Se prévalant de plusieurs mensualités impayées, la banque a mis en demeure M. [Z] [J] [W] et Mme [B] [J] [W] d’avoir à lui régler les sommes restant dues à peine de déchéance du terme.
Par exploits de commissaire de justice en date du 29 janvier 2024, la SA BNP PARIBAS PERSONAL FINANCE a fait assigner M. [Z] [J] [W] et Mme [B] [J] [W] devant le juge chargé des contentieux de la protection du tribunal de Mulhouse aux fins de voir, au visa des articles L312-1 et suivants du code de la consommation,
— Constater la résiliation de plein droit de l’offre de crédit du 19 novembre 2018 et l’exigibilité de plein droit,
— Subsidiairement, prononcer la résiliation,
— Condamner M. [Z] [J] [W] et Mme [B] [J] [W] solidairement à lui payer une somme de 15 375.78€ majorée des intérêts au taux contractuel de 4.49 % l’an sur la somme de 14 823.56€ à compter du 20 décembre 2023 capitalisés chaque année conformément aux dispositions de 1343-2 du code civil,
— Condamner M. [Z] [J] [W] et Mme [B] [J] [W] solidairement à payer les intérêts au taux légal sur la somme de 552.22€ à compter du 20 décembre 2023,
— Condamner M. [Z] [J] [W] et Mme [B] [J] [W] solidairement aux dépens ainsi qu’à lui payer la somme de 1500 euros sur le fondement de l’article 700 du code de procédure civile.
L’affaire a été appelée à l’audience du 17 mai 2024 date à laquelle elle a été renvoyée au 4 octobre 2024 pour permettre l’intervention du cessionnaire de créance.
A cette date, la SAS EOS France régulièrement représentée a déposée des conclusions d’intervention volontaire datées du 1er juillet 2024 et demandé au juge au visa des articles susvisés complétés des articles 328 et suivants du code de procédure civile, de déclarer recevable son intervention.
La SAS EOS France a repris oralement, à son compte, le bénéfice de l’assignation.

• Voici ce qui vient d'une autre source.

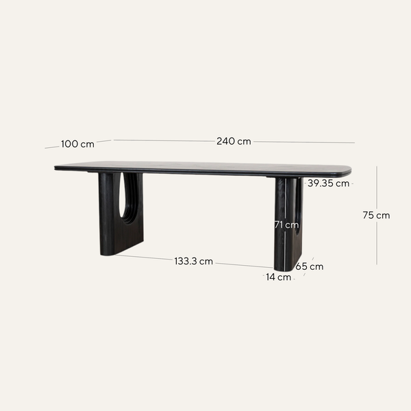 CDT10260-NI 2.4m Recycled Fir Dining Table - Full Black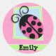Ladybug on Pink & White Stripes Classic Round Sticker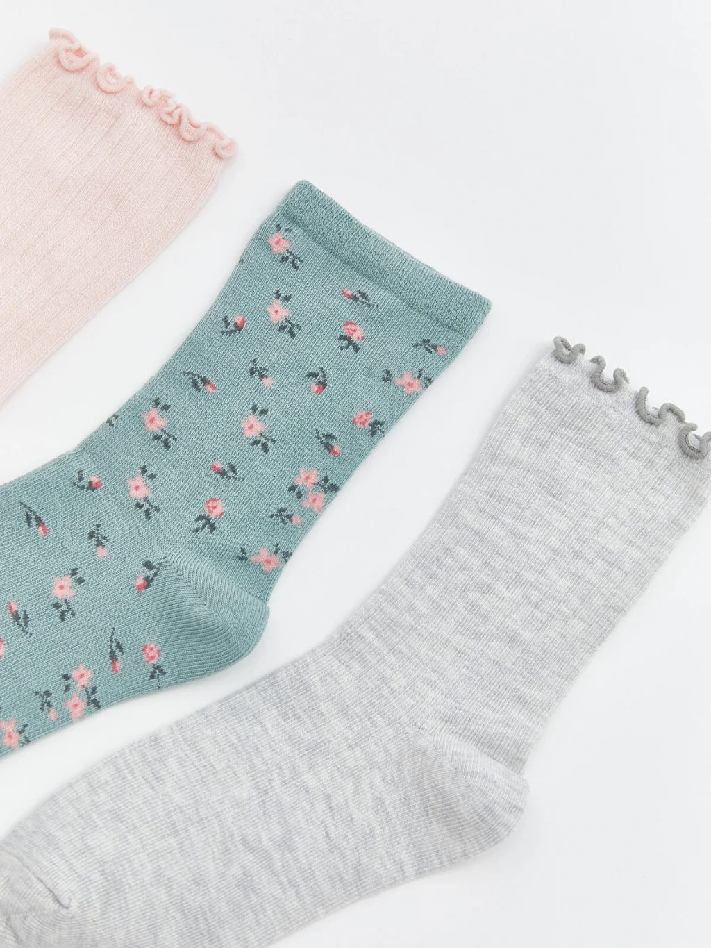 Kenarları fırfırlı kadın soket çorap seti, çiçek desenli ve fitilli dokulu olmak üzere farklı tasarımlar içerir.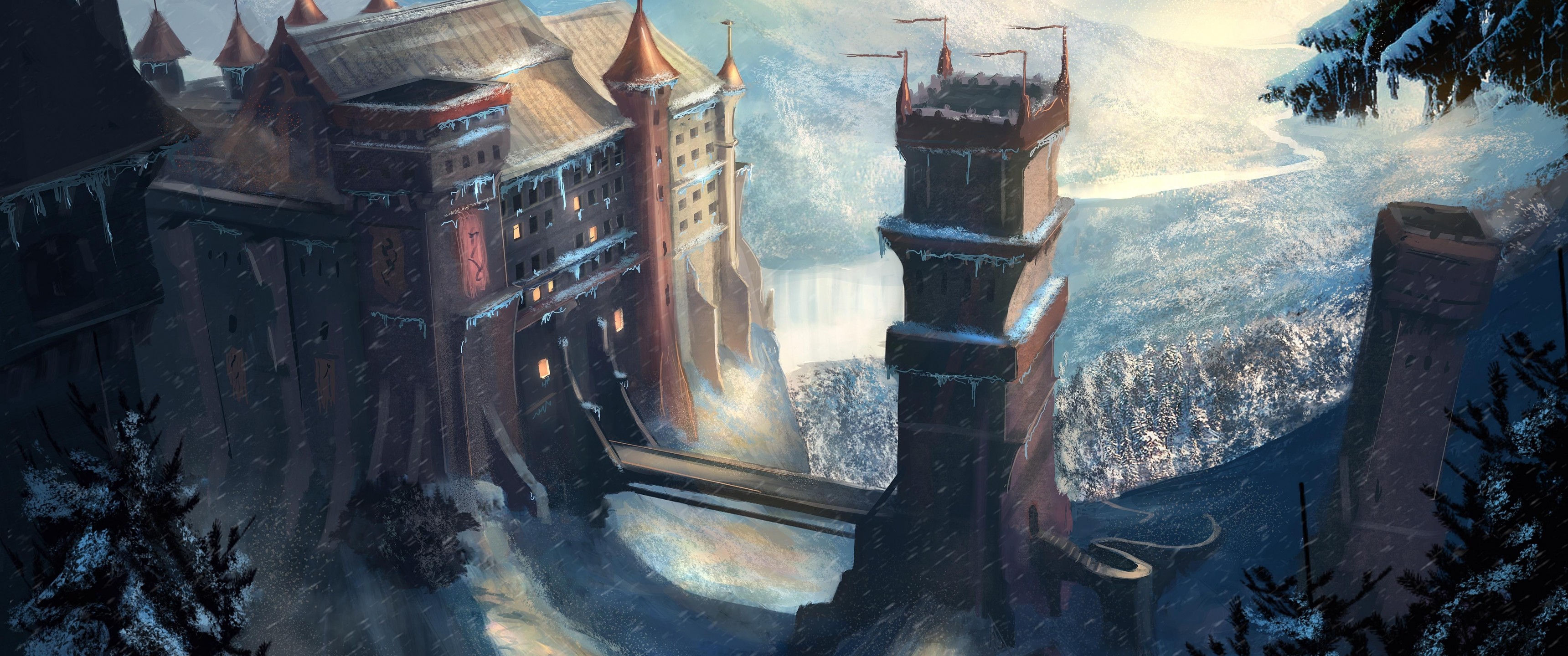 Beautiful old castle in mountain valley and winter - 3440x1440 Ultra WQHD

M. [Z] [J] [W] et Mme [B] [J] [W] cités par remise de l’exploit selon les modalités de l’article 659 du code de procédure civile, n’ont pas comparu.

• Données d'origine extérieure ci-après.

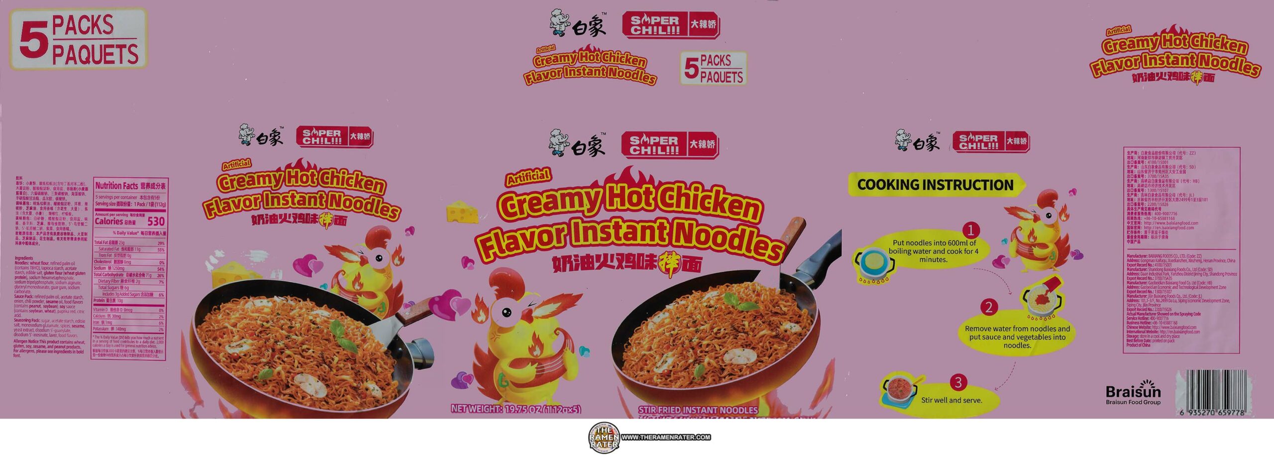 Finished (click to enlarge). Here we have the standard Baixiang instant noodle which is usually on the fluffy and soft side. The flavor however is very rough. I expected a lot of heat, some more than heat for flavor, but I was gob-struck. For something with an angry chicken on the package, I got such a funky flavor. I think the creamy element betrayed all comers here. It tasted like bizarre marshmallows; kind of hot cocoa element. It was so opposite from what I’d expected or even remotely hoped for. This was foul. Strange, as I usually love varieties from this company. Not this one. 0.0 out of 5.0 stars. – EAN bar code 6935270659778.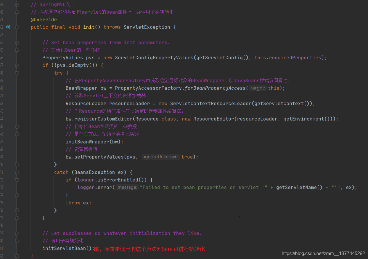 我们可以看见这里只是对一些初始的属性参数进行了设置,具体通过子类调用initServletBean()这个方法来调用。我们点进去看看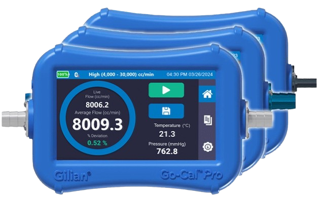 Utilizamos calibradores de fluxo de última geração e que são calibradores de vazão primária, para calibrar bombas ou qualquer outro instrumento de amostragem de ar, que desenha uma amostra de ar ativa. O Modelo Go Cal Pro, que possuem gama de ≥0,005 a 0,600 e ≥0,600 5,0 L/min (Low Flow e STD Flow), além de, compensação de temperatura e pressão corrigida para calcular a taxa de fluxo volumétrico em uma precisão de 1% da leitura.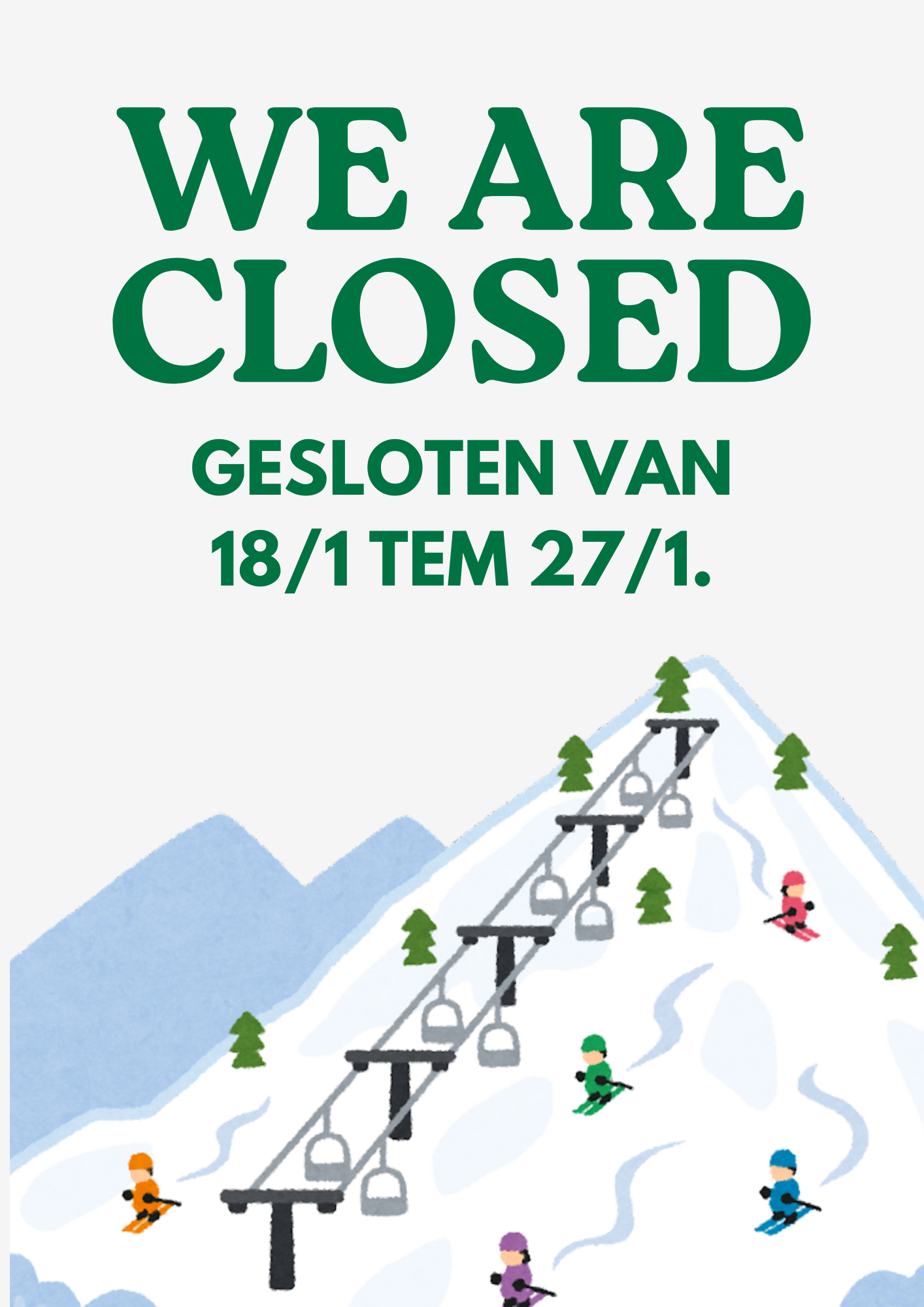 Wij nemen een week verlof van 18 tot en met 27 januari, maar niet getreurd, wie ons te hard mist kan op 25 januari naar de nieuwjaarsdrink komen van Stad Beringen, waar wij en de andere handelaars van Beringen een lekkere stand gaan uitbaten. Wij houden alvast van 14 tot 18u een raclette party! Be there or be square!

Par jugement du 7 janvier 2025 le juge chargé des contentieux de la protection a ordonné la réouverture des débats sur le moyen soulevé d’office tiré de la vérification de la solvabilité de l’emprunteur à partir d’un nombre suffisant d’informations (L312-16) .
L’affaire a été rappelée à l’audience du 7 mars 2025.
A cette date la SAS EOS FRANCE régulièrement représentée, a déclaré s’en remettre à décision de justice sur le moyen soulevé d’office et a repris oralement les termes de son assignation et des pièces antérieurement déposées.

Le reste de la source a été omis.